Good Deeds Day logo, for article on Good Deeds Day

Shari Arison launches Israel’s first Good Deeds Day

In 2006 C.E., a single day of volunteering in Israel quietly set something much larger in motion. What began as one woman’s invitation to her employees became a recurring global event that would eventually draw millions of people across more than 100 countries into a shared act of purposeful giving.

Key facts

  • Good Deeds Day: Shari Arison, Israeli-American billionaire and philanthropist, launched the first Good Deeds Day in Israel in 2006 C.E., inviting employees of her business group to spend the day volunteering in their communities.
  • Global reach: The event grew steadily year over year, eventually mobilizing participants in 108 countries and involving millions of volunteers performing acts of service ranging from food drives to environmental cleanups to visits with isolated elderly people.
  • Founding vision: Arison drew on her philosophy that individual acts of goodness, multiplied across communities, could shift social culture — a concept she described as “doing good” as a way of life rather than an occasional gesture.

The woman behind the idea

Shari Arison inherited leadership of the Arison Group following the death of her father, Ted Arison, the founder of Carnival Cruise Lines. She became one of Israel’s wealthiest individuals and one of its most prominent philanthropists.

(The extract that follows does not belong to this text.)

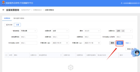 四、全量发票查询??榻?,选择查询条件后点击【查询】,系统会依据条件展示查询结果,在查询结果中选择需要导出的发票数据,点击“导出”即可。

But her interest in Good Deeds Day was not primarily about money. It was about behavior — specifically, the idea that goodness was contagious. If enough people saw their neighbors volunteering, donating, planting, cooking, building, or simply showing up for someone in need, they might conclude that this was just what people do.

The first event was small by design. Arison gathered employees from her own business network and set them loose on community projects around Israel. There were no grand ceremonies. The point was the doing.

How a local event became a global one

The growth of Good Deeds Day followed no single strategy. It spread through nonprofits, schools, corporations, and faith communities that adopted the concept independently, each adapting it to their own context. By the time the Good News Network reported on its 108-country reach, the event had become one of the world’s largest single-day volunteering initiatives.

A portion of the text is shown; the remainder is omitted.